As Lady Trumpington observes, this so-called 'science' is not merely based on 'the highly imprecise and often spurious evidence of epidemiological research', but is often contradicted by other research and is frequently about risks of minuscule magnitude. So too with passive smoking. The science is unclear and the additional risks it purports to demonstrate are often negligible. To base draconian legislation on such science is to lose all sense of proportion.
Among many other distinctions, including years of ministerial service in the Conservative governments of the 1980s and 1990s, Lady Trumpington was mayor of Cambridge and steward of Folkestone race course. During the war she worked at Bietchley Park, where she found cigarettes a great aid to concentration when she was on night shift. She has a gift for plain speaking, and for seeing things from the point of view of a sensible member of the public. It is impossible to imagine her succumbing to the priggish fanaticism of the legislators in the Welsh Assembly and at Westminster who yearn to do us good by decreeing where we can and cannot smoke.
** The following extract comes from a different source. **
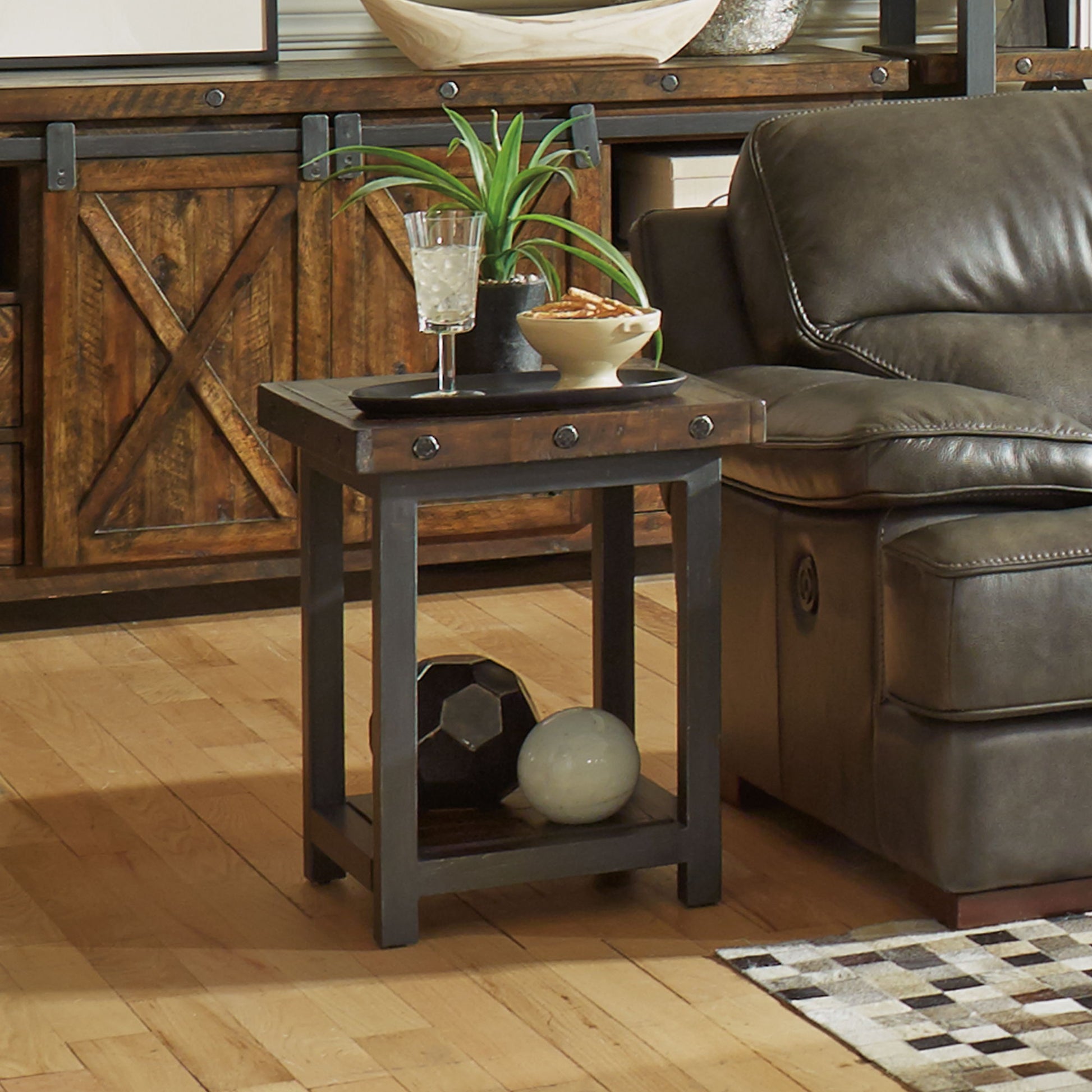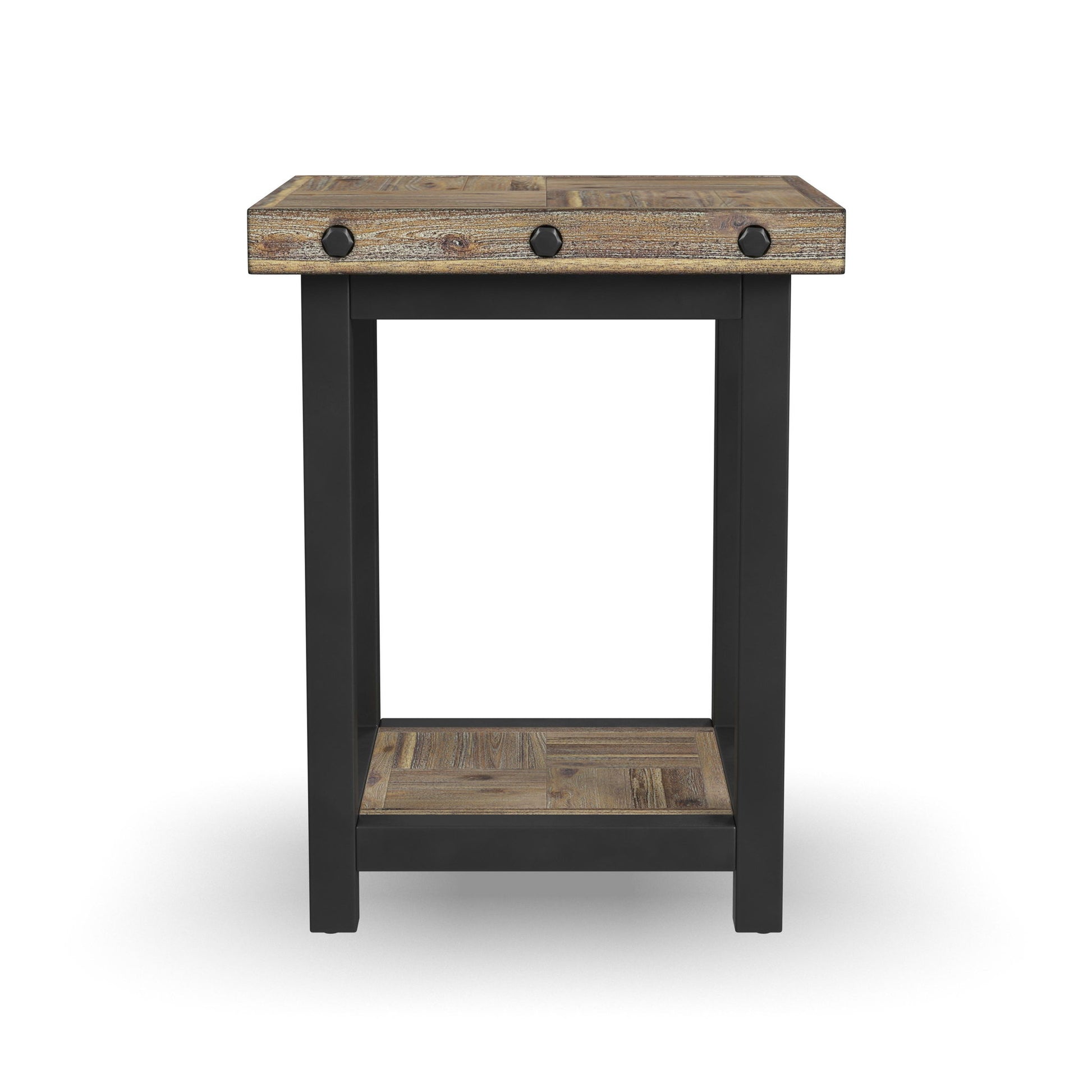 Instantly add inviting character to living spaces with the Carpenter chairside table. Sized perfectly for smaller spaces, this table still has plenty of room to hold your favorite book and cup of coffee. An open lower shelf offers an additional area for storage or to display décor. Inspired by the look of vintage workbenches, this chairside table features distressed acacia wood planks for a reclaimed look, hand-worked metal frames and exposed bolt heads.

Yet in one respect Lady Trumpington disappointed me. When I put it to her that there is an overwhelming case for reducing the rates of duty on tobacco and alcohol, which bear with extreme severity on a large part of the working class and turn millions of people into law-breakers, she reacted with circumspection: 'They're very important from a taxation point of view. I think you've got to be a little bit careful.' Oliver Letwin, the shadow Chancellor of the Exchequer, gave a similarly cautious response last week, when questioned after delivering a speech to the Politeia think tank about the need to simplify the tax system. He could envisage no more than a 5 to 10 per cent cut in duty.
Lady Trumpington and Mr Letwin have not properly applied their great minds to this subject. They fail to see that the extortionate cost of drink and tobacco — extortionate, that is, to anyone on a small income who feels in need of these traditional pleasures — has encouraged a large part of our youth to turn to other, far more noxious drugs. Pubs close down while drugdealers thrive. Many young lads and lasses also mock official disapproval of alcohol by indulging in the fashionable sport of bingedrinking in cavernous new clubs.
The high cost of smoking and drinking has led to smuggling on a stupendous scale: perhaps a third of the cigarettes smoked in this country, and 70 per cent of hand-rolled tobacco, have escaped UK duty. Law-abiding retailers have been placed in an impossible position. Is it too much to hope that when Mr Letwin has finished constructing his brilliant intellectual framework for a fairer tax system, he will win the next general election for the Conservatives by promising to reduce excise duties to the civilised levels found in our continental neighbours?